• YOUR ASSIGNMENT: What is wanted is every line below from the one with "lördag 9 maj" up to and including the one with "图为合作社员工旦卓正在编织邦典(藏式围裙)。贡确 摄", retyped exactly, pictures excluded, nothing else.
** Opening DATA RECORDS block **
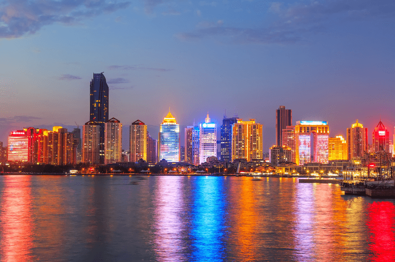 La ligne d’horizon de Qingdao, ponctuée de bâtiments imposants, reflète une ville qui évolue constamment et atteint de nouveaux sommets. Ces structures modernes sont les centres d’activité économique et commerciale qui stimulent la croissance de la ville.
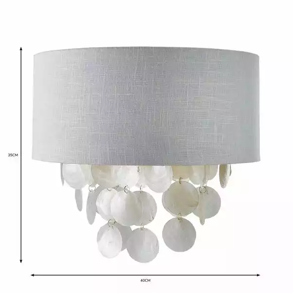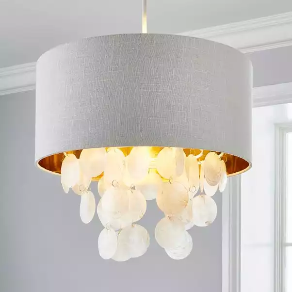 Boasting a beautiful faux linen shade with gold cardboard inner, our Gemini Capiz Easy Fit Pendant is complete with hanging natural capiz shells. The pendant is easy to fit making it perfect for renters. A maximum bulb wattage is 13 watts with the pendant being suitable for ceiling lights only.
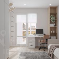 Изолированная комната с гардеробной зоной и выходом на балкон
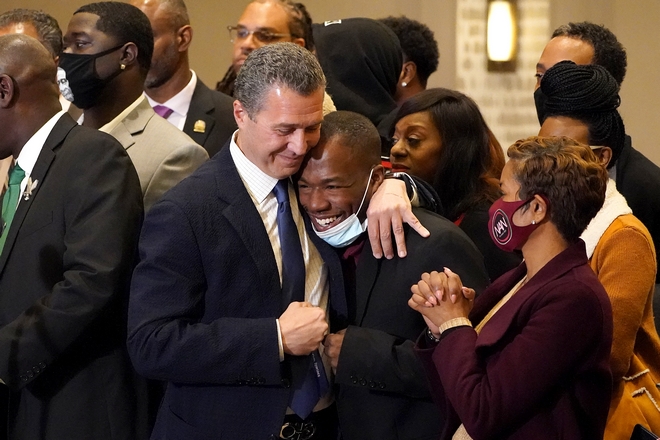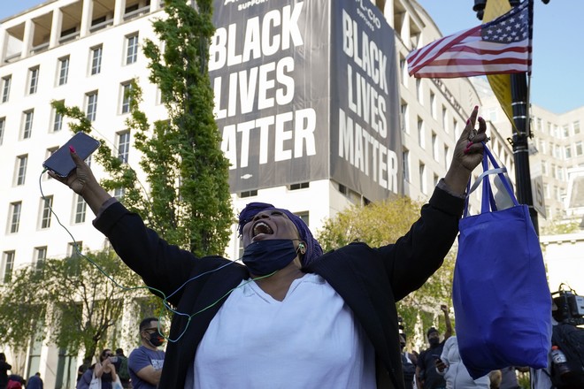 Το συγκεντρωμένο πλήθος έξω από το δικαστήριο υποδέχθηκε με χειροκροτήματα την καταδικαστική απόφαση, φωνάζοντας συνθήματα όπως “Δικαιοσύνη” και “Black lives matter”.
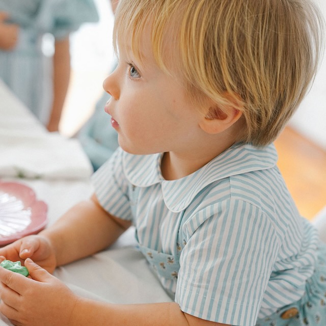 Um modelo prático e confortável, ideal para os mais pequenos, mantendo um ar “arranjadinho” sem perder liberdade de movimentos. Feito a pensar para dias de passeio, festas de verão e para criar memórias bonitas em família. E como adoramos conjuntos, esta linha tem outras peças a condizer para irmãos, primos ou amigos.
** Closing DATA RECORDS block **
** Opening DATA RECORDS block **
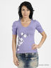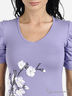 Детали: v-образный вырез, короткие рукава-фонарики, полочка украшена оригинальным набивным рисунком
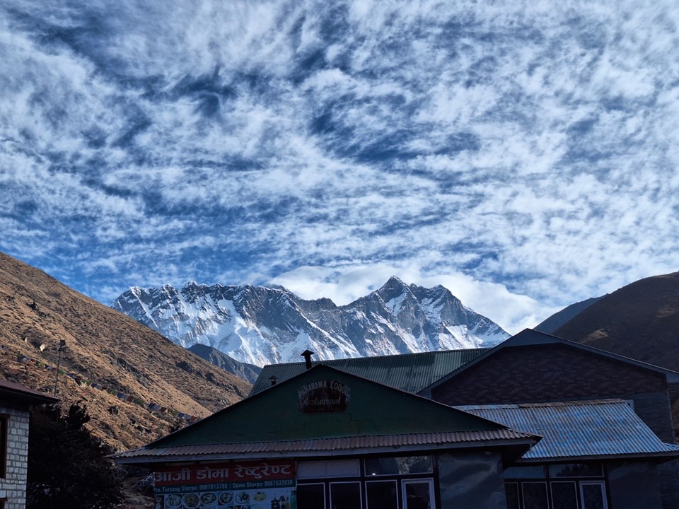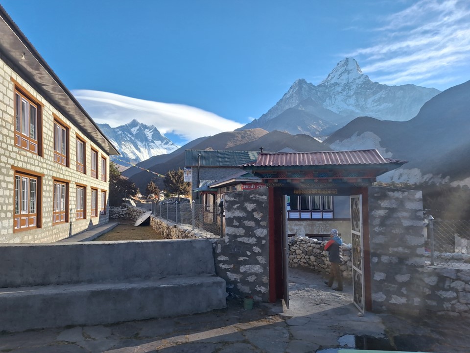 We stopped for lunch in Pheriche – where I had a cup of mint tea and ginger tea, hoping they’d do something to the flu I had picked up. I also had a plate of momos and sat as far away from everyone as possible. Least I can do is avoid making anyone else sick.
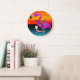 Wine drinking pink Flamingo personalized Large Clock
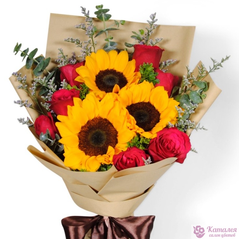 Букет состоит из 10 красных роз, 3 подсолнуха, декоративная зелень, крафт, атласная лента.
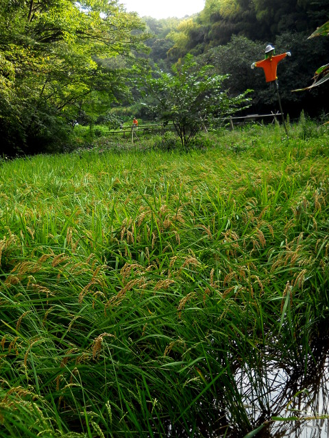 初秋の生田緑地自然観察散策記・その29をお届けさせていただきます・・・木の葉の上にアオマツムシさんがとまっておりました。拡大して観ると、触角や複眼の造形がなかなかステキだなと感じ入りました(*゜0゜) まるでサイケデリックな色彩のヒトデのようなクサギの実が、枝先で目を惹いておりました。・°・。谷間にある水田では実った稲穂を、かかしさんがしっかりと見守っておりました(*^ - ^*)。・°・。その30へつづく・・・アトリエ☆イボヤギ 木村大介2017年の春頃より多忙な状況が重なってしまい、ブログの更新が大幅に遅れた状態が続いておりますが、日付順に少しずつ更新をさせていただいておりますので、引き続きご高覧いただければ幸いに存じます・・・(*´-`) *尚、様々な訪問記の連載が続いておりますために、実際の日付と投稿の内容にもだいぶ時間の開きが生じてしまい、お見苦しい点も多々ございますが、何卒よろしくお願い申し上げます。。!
** Closing DATA RECORDS block **
** Opening DATA RECORDS block **
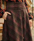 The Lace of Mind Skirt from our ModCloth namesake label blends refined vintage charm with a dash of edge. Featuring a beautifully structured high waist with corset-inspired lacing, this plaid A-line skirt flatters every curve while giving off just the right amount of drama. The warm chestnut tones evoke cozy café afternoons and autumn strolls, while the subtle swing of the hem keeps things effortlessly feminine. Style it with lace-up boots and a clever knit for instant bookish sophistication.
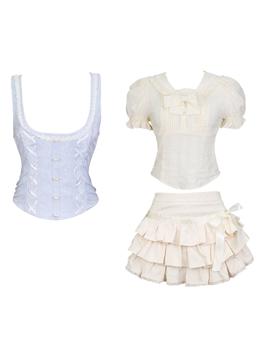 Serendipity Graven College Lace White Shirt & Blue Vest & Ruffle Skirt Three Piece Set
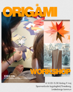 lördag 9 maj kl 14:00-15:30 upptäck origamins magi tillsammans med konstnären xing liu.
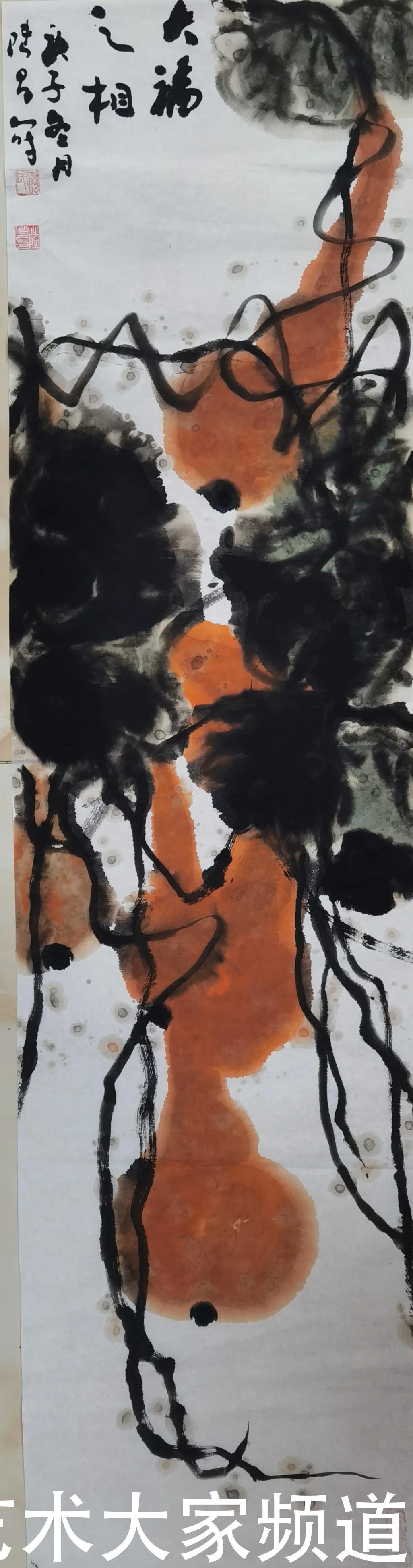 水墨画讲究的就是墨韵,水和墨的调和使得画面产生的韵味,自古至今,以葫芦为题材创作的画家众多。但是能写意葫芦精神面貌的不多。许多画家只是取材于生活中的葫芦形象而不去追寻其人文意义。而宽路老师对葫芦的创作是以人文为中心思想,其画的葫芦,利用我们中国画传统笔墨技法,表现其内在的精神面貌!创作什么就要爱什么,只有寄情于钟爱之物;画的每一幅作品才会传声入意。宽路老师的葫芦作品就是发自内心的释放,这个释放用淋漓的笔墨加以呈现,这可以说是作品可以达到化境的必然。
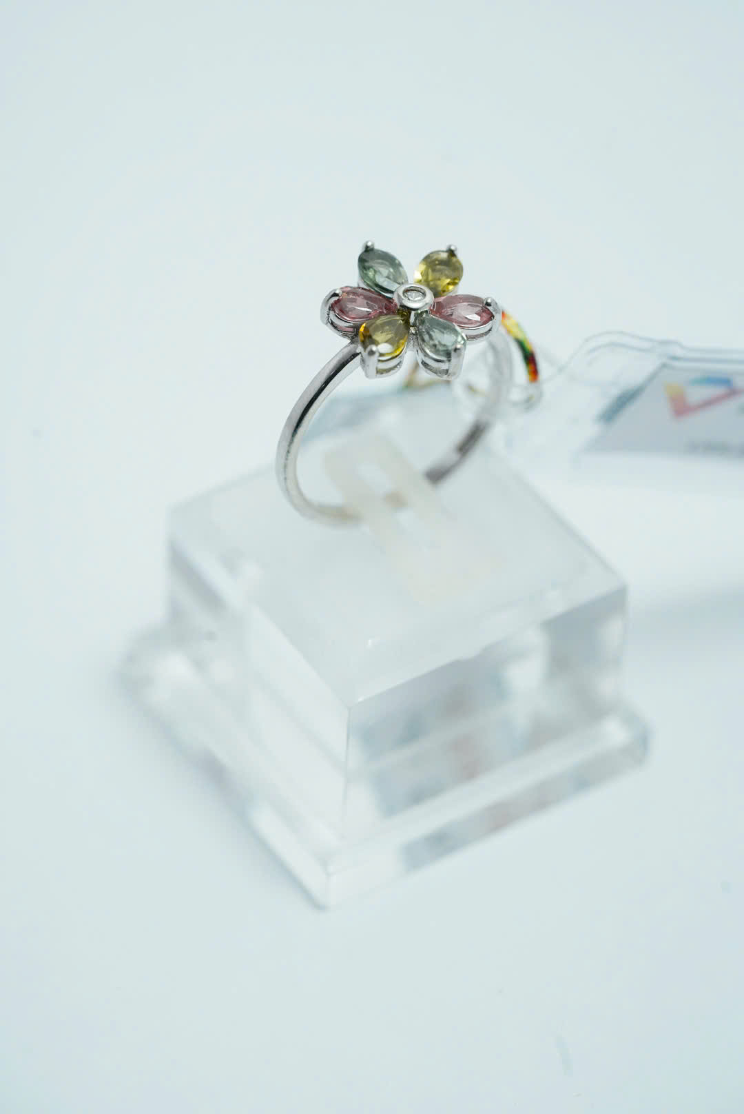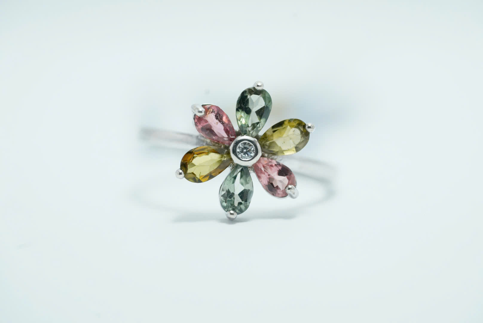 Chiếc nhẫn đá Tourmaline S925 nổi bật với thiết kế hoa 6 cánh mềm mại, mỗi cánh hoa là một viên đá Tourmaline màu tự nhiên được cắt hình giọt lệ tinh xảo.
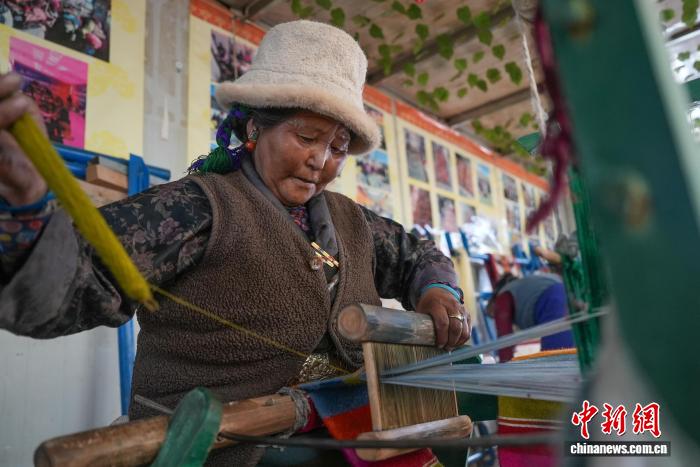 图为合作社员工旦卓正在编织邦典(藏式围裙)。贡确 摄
** Closing DATA RECORDS block **
• TASK RESPONSE:
 lördag 9 maj kl 14:00-15:30 upptäck origamins magi tillsammans med konstnären xing liu.
 水墨画讲究的就是墨韵,水和墨的调和使得画面产生的韵味,自古至今,以葫芦为题材创作的画家众多。但是能写意葫芦精神面貌的不多。许多画家只是取材于生活中的葫芦形象而不去追寻其人文意义。而宽路老师对葫芦的创作是以人文为中心思想,其画的葫芦,利用我们中国画传统笔墨技法,表现其内在的精神面貌!创作什么就要爱什么,只有寄情于钟爱之物;画的每一幅作品才会传声入意。宽路老师的葫芦作品就是发自内心的释放,这个释放用淋漓的笔墨加以呈现,这可以说是作品可以达到化境的必然。
 Chiếc nhẫn đá Tourmaline S925 nổi bật với thiết kế hoa 6 cánh mềm mại, mỗi cánh hoa là một viên đá Tourmaline màu tự nhiên được cắt hình giọt lệ tinh xảo.
 图为合作社员工旦卓正在编织邦典(藏式围裙)。贡确 摄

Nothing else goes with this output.